# Spark FX and cold fire pyro



## gbirdsall (Dec 14, 2018)

Hey guys, 

I have a show coming up at the end of January that the client wants to use some cold fire pyro on. Think a continuous gerb. 

Has anyone used these types of systems before (controlled from a hog 4) and what were your experiences with them?

Thanks


----------



## Jeff Lelko (Dec 14, 2018)

Yes, and more than a few things to consider before using them...

For starters, depending on your local AHJ and venue management, the jury is still out on whether or not these are actually considered pyrotechnics. Opinions will vary. There are some chemical differences between products like Sparkular and real pyro that drive different requirements (and that's all I'll say as to not break the pyro discussion rule), but the end result is the same so most people will treat them the same - namely your insurance company. If you're not insured for pyro I wouldn't even touch it.

These machines are also loud - and not in a good way. They sound like a power tool. 

The smell and fallout isn't too bad especially if comparing to actual close-prox pyro, but it's still existent. 

All that aside, these things are expensive to buy and expensive to run. Yes, there are effects and applications these can accommodate that you can't do with gerbs, but in my experience it's almost always it's either real pyro or something else all together. 

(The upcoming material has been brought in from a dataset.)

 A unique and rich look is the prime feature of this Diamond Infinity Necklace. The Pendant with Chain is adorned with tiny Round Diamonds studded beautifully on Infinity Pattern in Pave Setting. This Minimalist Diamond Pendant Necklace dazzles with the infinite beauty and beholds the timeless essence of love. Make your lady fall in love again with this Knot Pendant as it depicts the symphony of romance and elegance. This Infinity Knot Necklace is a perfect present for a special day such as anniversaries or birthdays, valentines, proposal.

Hope this helps, and hope I dodged the pyro rule with this response!


----------



## venuetech (Dec 15, 2018)

I think that translates to that you/your client will still need to go to through the full permit process.
In my location that would mean having all the permit application paperwork done by this Monday or Tuesday for a show less than 60 days away. Just to give the AHJ time to properly review it. My AHJ prefers 90 days.


----------



## porkchop (Dec 16, 2018)

The machines are specifically designed to not need the full permitting process. I had an extended conversation with the head of legal for Sparktacular at LDI and if you have any questions about permit issues I'm sure they will help you figure out your paperwork if you call them, so I wouldn't be too worried about that. 

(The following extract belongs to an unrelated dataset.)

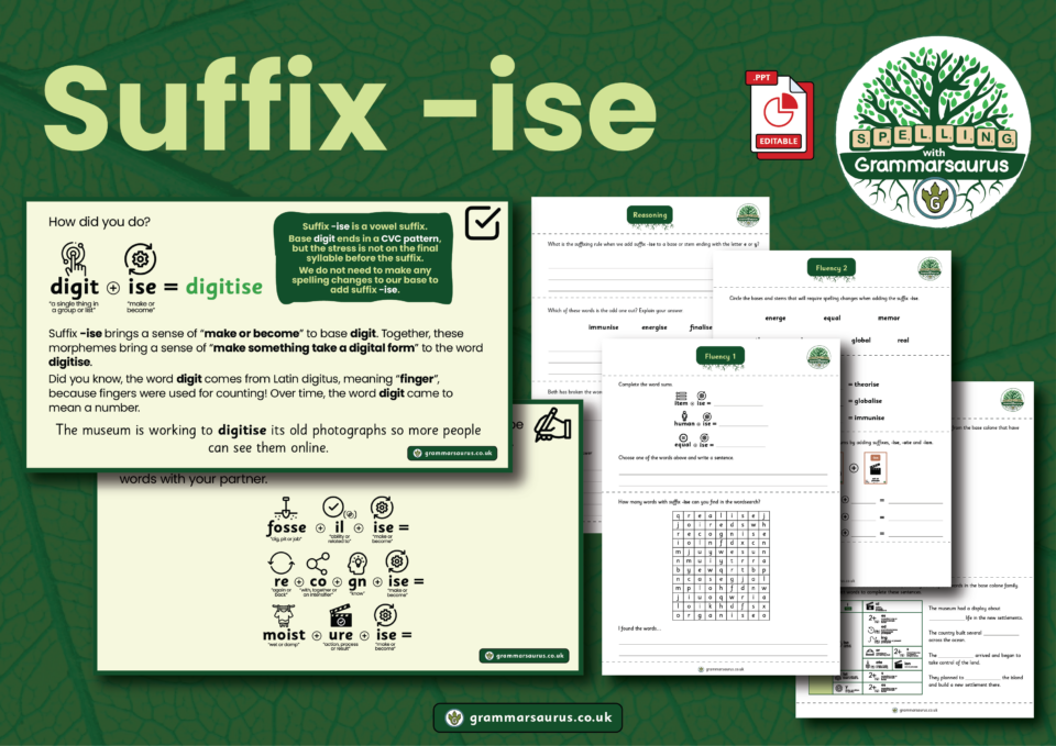 In this objective, children will learn how to add the suffix -ise to bases and stems. Over three 20-minute lessons,

As for the units themselves it's important to realize that they are shooting out small pieces of metal (think a bit larger than grinding dust in the weld shop). These will accumulate on the floor and need to be dealt with. They can be add a little bit of slipperiness to the floor (although very manageable for most performers) and you wouldn't want anyone underneath them while they're going off. The metal bits would get ground into the floor if there's a lot of traffic and would be hard to clean.

For the large show I was going to spec these on we went to a large FX shop in Vegas for a demo and they told me they had 20 units less than a year old and not a single one worked well enough for a demo that day. Sparktacular assured me these had to be fakes as the real things are much more reliable. The customer basically went ¯\_(ツ)_/¯ and we moved on. So I guess get a demo before you purchase or have spares in the rental package.


----------



## gbirdsall (Dec 17, 2018)

porkchop said:


> The machines are specifically designed to not need the full permitting process. I had an extended conversation with the head of legal for Sparktacular at LDI and if you have any questions about permit issues I'm sure they will help you figure out your paperwork if you call them, so I wouldn't be too worried about that.
> 
> As for the units themselves it's important to realize that they are shooting out small pieces of metal (think a bit larger than grinding dust in the weld shop). These will accumulate on the floor and need to be dealt with. They can be add a little bit of slipperiness to the floor (although very manageable for most performers) and you wouldn't want anyone underneath them while they're going off. The metal bits would get ground into the floor if there's a lot of traffic and would be hard to clean.
> 
> For the large show I was going to spec these on we went to a large FX shop in Vegas for a demo and they told me they had 20 units less than a year old and not a single one worked well enough for a demo that day. Sparktacular assured me these had to be fakes as the real things are much more reliable. The customer basically went ¯\_(ツ)_/¯ and we moved on. So I guess get a demo before you purchase or have spares in the rental package.




The reliability is a concern but we are renting genuine sparktacular units so hopefully they will fire when they should. This is also a kind of test run to decide if they are worth purchasing, I'm on the fence with what I have read. 

I talked to them and to the Fire martial in AZ, a true pleasure to work with /s, and we are still going to have to have pyro company supervise, permit, and piggy back off their license.


----------



## Tom Andrews (Dec 18, 2018)

Unless the NFPA has made subsequent determinations since December 2017, Sparkular and other 'simulated' pyro effects are considered to fall under the same requirements as pyrotechnics. It's not an item for consumer use. See attached file.


----------



## gbirdsall (Dec 19, 2018)

Tom Andrews said:


> Unless the NFPA has made subsequent determinations since December 2017, Sparkular and other 'simulated' pyro effects are considered to fall under the same requirements as pyrotechnics. It's not an item for consumer use. See attached file.



Thank you for this! You just gave me the ammo I need to tell them to turn key it with a vendor and not deal with this mess for in the future.


----------